I don't know the wire colors on the newer GM's but there usually are an abundant number of wires that don't go to anything(for accessories not installed) but if they look cut or don't have ends on them they probably went to the factory radio.


----------



## Wrench97

Test light on the orange and orange/black will tell you when they are hot, whoever installed the radio may also have bypassed them and run to the fuse box or through a noise filter.


----------



## Coolfreak

Since the amp turn on wire isn't connected to the blue remote wire from the stereo - is it possible that the amp is still drawing power even when it's off.

The weird thing is, the amp still turns on/off with the stereo - even with it not connected to the remote turn on wire. Is that even possible?


----------



## Wrench97

I wouldn't think so, unless the light only comes on when there is audio inputs.


----------



## nonamedsomebody

the amp should not (wake up) with just audio input. there needs to be a 12v signal sent to say hey wake up. Make sure your wires at the amp aren't crossing over to other contacts like the 12v main touching the remote wire jack.


----------



## lcurle

you will have to test the orange wires to see if they lose power when the door is opened after the radio has been turned on.


----------



## lcurle

nonamedsomebody said:


> the amp should not (wake up) with just audio input. there needs to be a 12v signal sent to say hey wake up. Make sure your wires at the amp aren't crossing over to other contacts like the 12v main touching the remote wire jack.


couldnt be an arc


----------



## Coolfreak

Lee - If I am reading your information right - the orange wire is the constant? 

What is a Radio Switch?


----------



## lcurle

radio switch is the wire that only turns on when the car is started, or in the "on" position


----------



## jaggerwild

> is it possible that the amp is still drawing power even when it's off.
> The weird thing is, the amp still turns on/off with the stereo - even with it not connected to the remote turn on wire. Is that even possible?
> 
> 
> 
> That would indicate that the constant is not a(TRUE) constant but a switching power, witch is not good. This wire should go straight to the positive battery terminal with a fuse within one foot of it.
> 
> The Turn on lead for the radio(and this car has it as mine does too) will only power off after the ignition is turned off and either the drivers door is opened or 15 minutes (delay)latter, witch ever comes first. I'm gonna be over here in the corner(playing with ma LEGO'S) so as not to confuse you with too many people giving input. Witch makes it harder to reason(help you) need me just knock!
Click to expand...


----------



## Coolfreak

Car was dead again this morning. Some things came up and couldn't rip the stereo out and look around tonight. 

I am definitely going to do it tomorrow though. I will let you know what all I have connected.


----------



## Coolfreak

Well - after hours with my neighbor - We think we might have figured it out. We found the amp was hooked up to the remote turn on wire - I just must have didn't see that.

Anyways, we found out that the orange wire is a switchable power after testing it, so we hooked it up to the stereo and now the stereo won't turn on without the car on.

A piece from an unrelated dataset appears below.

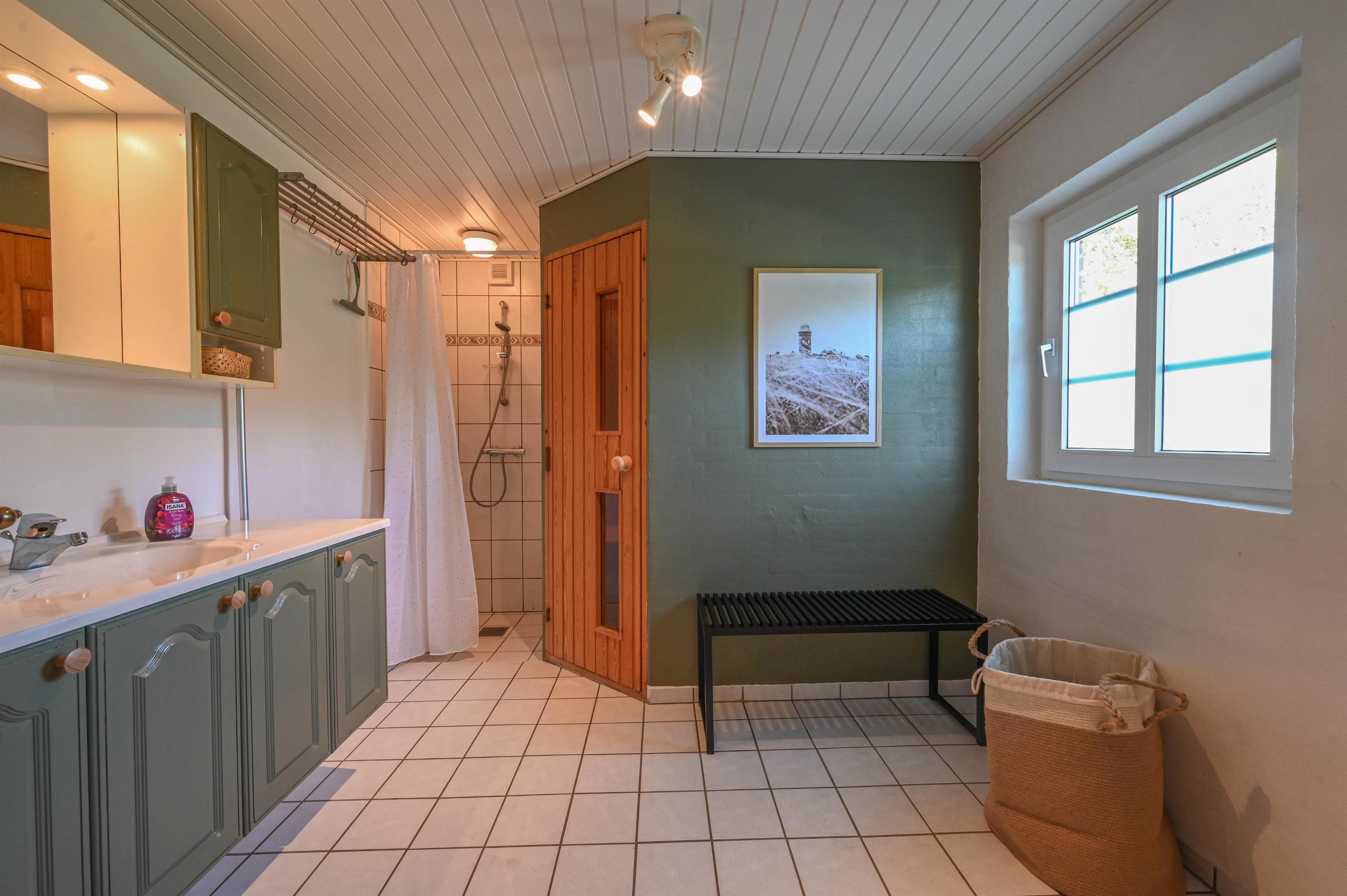 Huset er lyst og venligt indrettet med komfortable møbler, der indbyder til afslapning og samvær. Den store, flotte stue hænger naturligt sammen med det lyse, åbne køkken og den hyggelige spiseplads, hvor hele familien kan samles om gode måltider eller brætspil. Badeværelset er rummeligt og byder på sauna – perfekt til lidt ekstra velvære efter en lang dag i naturen.

After that, we went to the battery and tested how much it's drawing without the car on or anything. It's pretty much drawing like. . . 1/3 or even 1/4 of an amp. Which is about normal, in my eyes.

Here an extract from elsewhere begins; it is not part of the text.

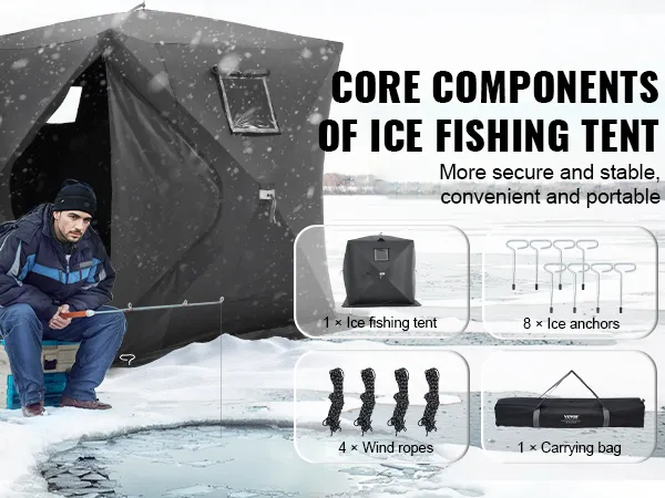 Deze wintervis-ijshut bevat een tent, ijsankers, windtouwen en een draagbare draagtas. Het tentontwerp is stabiel en ijsankers zorgen voor stabiliteit.

I'm hoping this is it, the car has been sitting for just about 12 hours now, and in a few, I am going to see if it will start.


----------



## jaggerwild

Cool!
Good luck!


----------



## lcurle

hoorah....wire diagrams are fun....and my wife's candles smell AWESOME!!!!!!


----------



## Coolfreak

Update!!!!!!!!! Lee, your information is wrong. Orange = headlights. This wire only has power when the head lights are on! (So my radio only worked if the lights were on) Orange/white is dashboard illumination. 

Anyways - there is only *one* wiring harness that will work correctly for the 2004 Chevy Malibu. It's $100. Reason being, is that the ignition switch wire only has like a few volts, or something like that. It needs to be converted, by this specific wiring harness. 

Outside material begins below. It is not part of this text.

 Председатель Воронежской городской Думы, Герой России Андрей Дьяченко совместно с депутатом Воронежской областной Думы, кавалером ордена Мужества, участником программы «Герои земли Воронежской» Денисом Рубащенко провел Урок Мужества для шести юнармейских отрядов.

I went to a professional, and he knew exactly my problem. I'm having him install everything professionally. 

Lee - You should have known this! You are a professional!!!!

Thank you so much everybody. Lee, Wrench, Jagger - you guys were a big help!


----------



## lcurle

car manufacturer change harnesses like milk changes expiration dates. I can get close but then I have testing equipment that dwarfs and consumer bought products for futher diagnostic. Yeah my wire colors may have been off, but you figured it out in the end.
oh and I have never had a newer then 99 malibu in my shop...these newer cars with intergrated everything are a real PITA to work on.


----------



## Coolfreak

I got the car back today - everything is working fine!

I'm hoping this was the battery problem too - we'll see tomorrow.


----------



## Wrench97

I think you'll find out Wednesday or Thursday morning after the snow when the temps drop back down.


----------



## Coolfreak

Car started up fine this morning - good sign.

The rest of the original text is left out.